Automated or partially-automated contact tracing tools are being deployed by many countries to contain SARS-CoV-2; however, the evidence base for their use is not well-established.

Methods

We undertook a rapid systematic review of automated or partially-automated contact tracing, registered with PROSPERO (CRD42020179822). We searched PubMed, EMBASE, OVID Global Health, EBSCO COVID Portal, Cochrane Library, medRxiv, bioRxiv, arXiv and Google Advanced for articles relevant to COVID-19, SARS, MERS, influenza or Ebola from 1/1/200014/4/2020. Two authors reviewed all full-text manuscripts. One reviewer extracted data using a pre-piloted form; a second independently verified extracted data.

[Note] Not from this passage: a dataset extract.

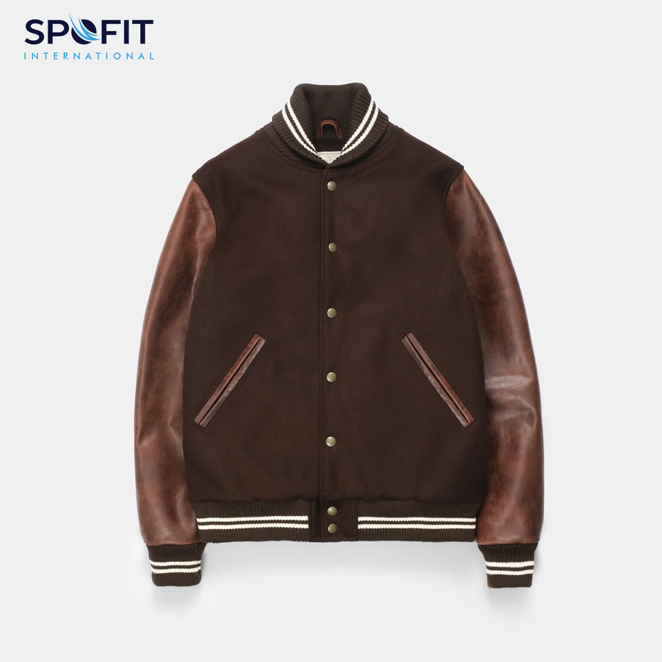 เสื้อแจ็คเก็ตเบสบอลแบบมีปกตั้ง ปักลายด้านหน้า สไตล์วาร์ซิตี้ สำหรับผู้ชาย ฤดูหนาว ออกแบบลายพิมพ์ตามสั่ง พร้อมโลโก้แบบกำหนดเอง

Primary outcomes were the number or proportion of contacts (and/or subsequent cases) identified; secondary outcomes were indicators of outbreak control, app/tool uptake, resource use, cost-effectiveness and lessons learnt. The Effective Public Health Practice Project tool or CHEERS checklist were used in quality assessment.

Findings

4,033 citations were identified and 15 were included. No empirical evidence of automated contact tracing’s effectiveness (regarding contacts identified or transmission reduction) was identified. Four of seven included modelling studies suggested that controlling COVID-19 requires high population uptake of automated contact-tracing apps (estimates from 56% to 95%), typically alongside other control measures. Studies of partially-automated contact tracing generally reported more complete contact identification and follow-up, and greater intervention timeliness (0.5-5 hours faster), than previous systems. No meta-analyses were possible.

Interpretation

Automated contact tracing has potential to reduce transmission with sufficient population uptake and usage. However, there is an urgent need for well-designed prospective evaluations as no studies provided empirical evidence of its effectiveness.